Figure 7.1: count2 S-Covering

#### Algorithm 4 - signal\_cover

**Require:** An STG, stg = (P, T, W, MN, In, Out, l), and a signal s in stg's  $I \cup O$ **Ensure:** An S-Component N' = (P', T', F')1:  $N' \leftarrow \{ \emptyset, \emptyset, \emptyset \}$ 2: for all adjacent transition pairs (s\*, next(s\*)) of s do Remove places and transitions concurrent to s3: Find a path  $path_{ij}$  from s \* to next(s\*)4: 5: Add to N' all places and transitions of  $path_{ij}$ 6: for all transitions  $t_p$  of  $path_{ij}$  do 7: Disconnect  $t_p$  from all its predecessors other than the one in  $path_{ij}$ for all places  $p_i$  in P' do 8: if there are transitions  $t_i$  in  $p_i$  preset not in T' then 9:  $S \leftarrow P'$ 10:  $S' \leftarrow P - P'$ 11: Find a handle  $h \leftarrow \text{get\_handle}(S, S', stg, p_i, t_i)$  [58] 12:Add to N' all places and transitions of  $h_i$ 13:14: return N';

The S-Covering step extracts a set of S-Components covering all the places and transitions of the specification. In [74] an algorithm was used which allocated a minimal siphon for each place, p. This algorithm was comprised of two steps. During the first one, a DFS was performed, and a single path was extracted starting and ending at p. The above path formed a strongly connected subnetwork, N'. The

second step allocated a handle [58] for each transition not in N' which was at the preset of N''s places. Including all the above handles, N' resulted to a siphon, which was also minimal, as N' was strongly connected and the above steps ensured that  $|\bullet t \cap P'| = 1$  [56]. Additionally, for live and bounded FCPTNets, a minimal siphon is also an S-Component, which means that for all of its places it holds that  $|\bullet t \cap P'| = |t \bullet \cap P'| = 1$ . The absence of fork and join transitions in N' allowed transforming it to an FSM for which a mature, synthesis-based implementation path exists.
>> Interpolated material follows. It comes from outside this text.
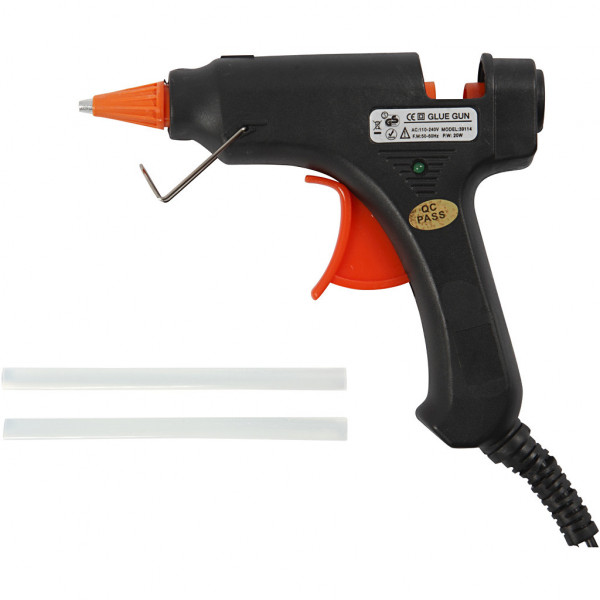 Minii pistolet à colle - fait fondre la colle à 170°C (haute température) - fonctionne avec bâtons de colle de7 mm de diam. - livré avec deux bâtons de colle de 10 cm et une prise standard CEE7.

Using the above S-Components to generate BM-FSMs is not feasible as there is no guarantee that the resulting FSMs will be valid BM-FSMs as well. The above is accomplished with a novel algorithm introduced in this work which guarantees that the extracted minimal siphons can be transformed to valid BM-FSMs. Each such minimal siphon covers all the transitions of one or more signals. Hence, individual minimal siphons, which also form S-Components for FCPTNets, are capable of identifying all the events of one or more input signals, and/or of generating all the events of one or more output signals, resulting to a consistent BM-FSM.

The process of extracting an S-Component reduces for live and bounded FCPT-Nets to finding a subnetwork N' = (P', T', F') which is strongly connected and its places form a minimal siphon [42]. The introduced algorithm, shown in Figure 4, creates in a bottom up fashion a subnetwork with the aforementioned properties for each signal s.

Initially, the algorithm iterates through all signal's adjacent pairs, (s\*, next(s\*))(line 2). For the count2 example,  $next(A - /2) = \{A + /1, A + /3\}$  and hence the extracted pairs are (A - /2, A + /1) and (A - /2, A + /3). Afterwards, a single path is found for each one of the aforementioned transition pairs (line 4) corresponding to one of the possible sequences  $\sigma$ , comprised of places and transitions which are in IR(s\*, next(s\*)). For count2 the extracted paths corresponding to pairs (A - /2, A + /1) and (A - /2, A + /3) are shown in blue and red colors respectively. Scanning all the paths between s\* and next(s\*) results to undesirable high computation complexity and hence a preprocessing step is performed, removing temporarily from the graph the places and transitions which are concurrent to s (line 3). Then, a simple DFS finds a path between the two adjacent transitions. Path's places and transitions are then added to N' (line 5). As we want to end up with a minimal siphon, it should be guaranteed that  $|\bullet t \cap P| = 1$ . Hence, path's transitions are disconnected from all the places at their preset, except the one which is in the path (line 7). At this point of the flow, N''s places are not yet a siphon as there may be transitions at the preset of some of its places not in the postset at any of its places. Therefore, for each such transition a handle is found starting from a place of N' and ending at another place of it, as shown in [58] (line 10). Extracted handle's elements are then inserted in N' (line 11). The above procedure is repeated until N's places form a (minimal) siphon.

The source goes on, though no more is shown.